By James Goldrick and Blake Herzinger
“Non-traditional security” is poorly defined and ahistorical…
It is high time that we remove the term “non-traditional security” from our consideration of maritime affairs, and either abandon it outright or confine it to the debates of sea-blind international relations pundits. A phrase that crept into the strategic lexicon in the long, calm lee of the last Cold War, “non-traditional security” is little more than a dismissive hand-wave relegating human-centric security issues to a nebulous category with no real meaning. As a term, non-traditional security at best adds no value in either the operational realm or in the analytic sphere. At worst, particularly in the maritime domain, it skews thinking and undermines a balanced approach to dealing with the challenges we face.
The idea that history ended with the collapse of the Soviet Union plays a part in both the origin of and the muddled thinking around “non-traditional security.” In a supposedly post-modern world, it was argued that the possibility of nation-state conflict had disappeared, or at least diminished to the point at which navies could instead focus totally on achieving good order at sea. Nation-state rivalries, of course, never did disappear, and great power competition has returned to occupy a large part of the strategic agenda. But it can never occupy the whole, just as, apart from the world wars, it did not occupy it entirely in the past — however heavily armed the time of peace concerned.

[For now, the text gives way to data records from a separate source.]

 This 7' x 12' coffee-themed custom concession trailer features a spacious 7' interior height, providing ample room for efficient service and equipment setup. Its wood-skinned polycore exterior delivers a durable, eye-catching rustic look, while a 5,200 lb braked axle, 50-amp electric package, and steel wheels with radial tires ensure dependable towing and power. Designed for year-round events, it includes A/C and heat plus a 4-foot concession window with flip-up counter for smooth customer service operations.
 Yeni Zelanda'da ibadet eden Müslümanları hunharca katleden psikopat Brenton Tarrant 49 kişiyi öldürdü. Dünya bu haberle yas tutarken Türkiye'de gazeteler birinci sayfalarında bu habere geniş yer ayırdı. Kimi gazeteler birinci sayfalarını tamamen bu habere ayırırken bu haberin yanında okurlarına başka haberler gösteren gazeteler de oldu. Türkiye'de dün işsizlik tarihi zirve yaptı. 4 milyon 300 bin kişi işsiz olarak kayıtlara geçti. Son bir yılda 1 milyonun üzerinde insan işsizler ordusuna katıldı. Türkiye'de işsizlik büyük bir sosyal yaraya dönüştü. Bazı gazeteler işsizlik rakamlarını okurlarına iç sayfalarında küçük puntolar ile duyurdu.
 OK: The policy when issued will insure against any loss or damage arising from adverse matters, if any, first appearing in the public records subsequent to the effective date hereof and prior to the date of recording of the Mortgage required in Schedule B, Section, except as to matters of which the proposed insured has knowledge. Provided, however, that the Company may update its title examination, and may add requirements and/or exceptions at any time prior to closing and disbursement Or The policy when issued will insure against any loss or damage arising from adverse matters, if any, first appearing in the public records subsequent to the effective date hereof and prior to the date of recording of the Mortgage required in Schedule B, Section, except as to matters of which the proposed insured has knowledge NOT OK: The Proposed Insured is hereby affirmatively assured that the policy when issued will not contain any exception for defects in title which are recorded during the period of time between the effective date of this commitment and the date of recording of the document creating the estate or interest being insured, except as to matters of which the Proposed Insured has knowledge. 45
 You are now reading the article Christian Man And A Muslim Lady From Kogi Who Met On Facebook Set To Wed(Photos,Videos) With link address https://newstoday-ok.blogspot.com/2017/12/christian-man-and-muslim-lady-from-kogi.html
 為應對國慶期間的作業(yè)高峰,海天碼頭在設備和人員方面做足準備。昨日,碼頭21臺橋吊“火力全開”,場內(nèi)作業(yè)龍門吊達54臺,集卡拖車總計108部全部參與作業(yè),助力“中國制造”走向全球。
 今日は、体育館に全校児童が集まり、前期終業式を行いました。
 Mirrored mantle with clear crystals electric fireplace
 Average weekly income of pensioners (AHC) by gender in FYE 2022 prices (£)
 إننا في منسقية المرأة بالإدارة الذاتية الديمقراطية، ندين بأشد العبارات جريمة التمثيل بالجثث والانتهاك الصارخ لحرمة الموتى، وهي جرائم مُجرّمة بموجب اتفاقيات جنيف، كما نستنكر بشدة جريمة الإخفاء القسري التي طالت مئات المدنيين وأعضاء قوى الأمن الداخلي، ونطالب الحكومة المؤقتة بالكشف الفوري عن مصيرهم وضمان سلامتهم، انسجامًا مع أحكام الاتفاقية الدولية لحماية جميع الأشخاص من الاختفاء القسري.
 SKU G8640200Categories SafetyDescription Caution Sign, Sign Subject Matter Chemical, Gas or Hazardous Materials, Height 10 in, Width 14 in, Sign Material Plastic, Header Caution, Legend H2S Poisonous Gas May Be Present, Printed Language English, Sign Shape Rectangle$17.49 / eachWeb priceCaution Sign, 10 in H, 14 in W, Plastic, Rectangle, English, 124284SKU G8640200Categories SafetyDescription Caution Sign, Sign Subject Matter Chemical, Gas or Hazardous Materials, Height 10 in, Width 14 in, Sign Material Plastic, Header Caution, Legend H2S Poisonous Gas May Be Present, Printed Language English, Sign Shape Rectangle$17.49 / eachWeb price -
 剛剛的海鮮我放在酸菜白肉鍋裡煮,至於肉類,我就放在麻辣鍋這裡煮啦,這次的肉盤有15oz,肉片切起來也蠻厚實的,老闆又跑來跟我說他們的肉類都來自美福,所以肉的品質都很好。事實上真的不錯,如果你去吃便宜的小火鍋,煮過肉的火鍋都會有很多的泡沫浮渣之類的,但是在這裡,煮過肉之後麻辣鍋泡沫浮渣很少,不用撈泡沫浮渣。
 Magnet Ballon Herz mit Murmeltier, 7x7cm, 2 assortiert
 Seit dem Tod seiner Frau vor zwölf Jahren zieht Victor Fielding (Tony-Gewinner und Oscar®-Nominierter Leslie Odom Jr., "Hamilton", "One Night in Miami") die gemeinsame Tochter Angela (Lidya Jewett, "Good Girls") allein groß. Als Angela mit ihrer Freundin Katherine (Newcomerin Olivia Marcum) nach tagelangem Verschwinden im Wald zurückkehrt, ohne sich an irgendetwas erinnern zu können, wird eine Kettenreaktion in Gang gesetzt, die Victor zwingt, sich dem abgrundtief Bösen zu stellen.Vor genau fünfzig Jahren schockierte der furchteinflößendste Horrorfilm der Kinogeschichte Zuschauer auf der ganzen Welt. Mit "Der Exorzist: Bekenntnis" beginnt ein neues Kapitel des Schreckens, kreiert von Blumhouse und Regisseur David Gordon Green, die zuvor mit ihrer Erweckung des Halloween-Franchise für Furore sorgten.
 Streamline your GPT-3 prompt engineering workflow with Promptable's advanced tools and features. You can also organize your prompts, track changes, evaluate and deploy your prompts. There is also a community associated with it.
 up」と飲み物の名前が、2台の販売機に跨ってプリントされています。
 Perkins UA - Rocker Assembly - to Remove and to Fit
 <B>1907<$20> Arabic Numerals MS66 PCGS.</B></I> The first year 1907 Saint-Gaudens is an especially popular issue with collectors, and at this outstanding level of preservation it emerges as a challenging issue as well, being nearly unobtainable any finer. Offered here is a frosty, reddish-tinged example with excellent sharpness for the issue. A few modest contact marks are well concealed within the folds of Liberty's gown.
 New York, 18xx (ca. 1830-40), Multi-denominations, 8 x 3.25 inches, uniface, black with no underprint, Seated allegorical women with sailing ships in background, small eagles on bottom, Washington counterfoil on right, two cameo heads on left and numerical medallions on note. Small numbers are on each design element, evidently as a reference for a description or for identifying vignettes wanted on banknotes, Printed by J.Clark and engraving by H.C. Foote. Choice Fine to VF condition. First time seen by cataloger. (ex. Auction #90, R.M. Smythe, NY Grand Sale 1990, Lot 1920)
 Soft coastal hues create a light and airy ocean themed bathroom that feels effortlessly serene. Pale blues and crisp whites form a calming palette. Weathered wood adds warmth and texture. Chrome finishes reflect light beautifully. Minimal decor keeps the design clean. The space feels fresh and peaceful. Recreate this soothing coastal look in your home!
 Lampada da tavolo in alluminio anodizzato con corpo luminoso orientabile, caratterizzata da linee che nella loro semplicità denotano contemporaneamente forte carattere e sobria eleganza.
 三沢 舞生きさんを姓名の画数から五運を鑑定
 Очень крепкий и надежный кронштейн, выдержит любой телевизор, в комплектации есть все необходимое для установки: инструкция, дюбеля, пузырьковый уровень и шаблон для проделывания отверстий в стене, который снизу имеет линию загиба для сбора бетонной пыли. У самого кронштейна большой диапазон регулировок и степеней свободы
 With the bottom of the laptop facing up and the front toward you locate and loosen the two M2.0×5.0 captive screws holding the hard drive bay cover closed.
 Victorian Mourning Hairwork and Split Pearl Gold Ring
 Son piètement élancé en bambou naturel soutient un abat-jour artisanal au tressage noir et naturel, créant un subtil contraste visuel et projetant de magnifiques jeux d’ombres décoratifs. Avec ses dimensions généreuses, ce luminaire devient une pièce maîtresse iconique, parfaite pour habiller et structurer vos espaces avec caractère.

The U.S. Navy does not have a definition for non-traditional security. There is no applicable framework for determining what issues are encompassed by the term, although it could be said that it is used (incorrectly) to refer to tasks not directly related to naval warfare. Predictably, non-traditional security is then taken to mean any issue outside the core “warfighting” competencies of the sea services. This ignores the majority of naval history and poorly serves the services’ professional development. This schism is accentuated in the United States by the intentional division of labor between the U.S. Navy and the U.S. Coast Guard, which are in turn governed by separate bureaus of the U.S. government, in the Departments of Defense and Homeland Security, respectively. As the U.S. Navy retains no law enforcement authorities, it has intellectually divorced itself from many of the issues that define maritime security for most maritime forces.
Most allied navies do not have the institutional divisions of the United States’ sea services, but many still have the same confused priorities. Britain’s Royal Navy is one example. Although a Fishery Protection Squadron is its oldest formation, the Royal Navy has neglected that national maritime security task in British waters in recent decades, as the under-funded service sought to maintain its high intensity capabilities at the same time as it committed scarce resources — most notably its people — to the largely land-based conflicts in the Middle East. Ironically, the Royal Navy never abandoned its commitment to such work in areas such as the Caribbean in which Britain recognizes continuing responsibilities as the post-colonial power. Despite its endeavors in so many seas and in so many contingencies, the Royal Navy’s absence from its home waters in recent years may well have contributed to a diminished understanding by the British public of its importance to national security and therefore the under-resourcing of its force structure, which has only recently been arrested.
…used to deprioritize a set of serious maritime issues…
This is not an argument for large or medium navies to neglect either force structure or training for high intensity warfare. The truth is that such navies must walk and chew gum at the same time. There are inevitable tensions between providing for and managing the different parts of the spectrum of operations, but they must be acknowledged and properly managed. With many navies facing static or shrinking resources, fierce battles over allocation of those resources are de rigueur. Creating a subset of missions labeled as “non-traditional” allows them to be pushed to the bottom of the pile at the outset, where someone will address them if time, ships, or personnel are left over. If an operations planner has one ship available to deploy but two missions to service, “traditional” mission requirements will be satisfied, and “non-traditional” issues will languish unanswered. The so-called “traditional” security issues then take center stage, focused on high-end combat exercises or mission-oriented activities, such as deterrence patrols or freedom of navigation operations. This ahistorical categorization underwrites a mindset that inhibits the development of naval officers and promotes a cultural tunnel vision that overlooks many critical maritime issues.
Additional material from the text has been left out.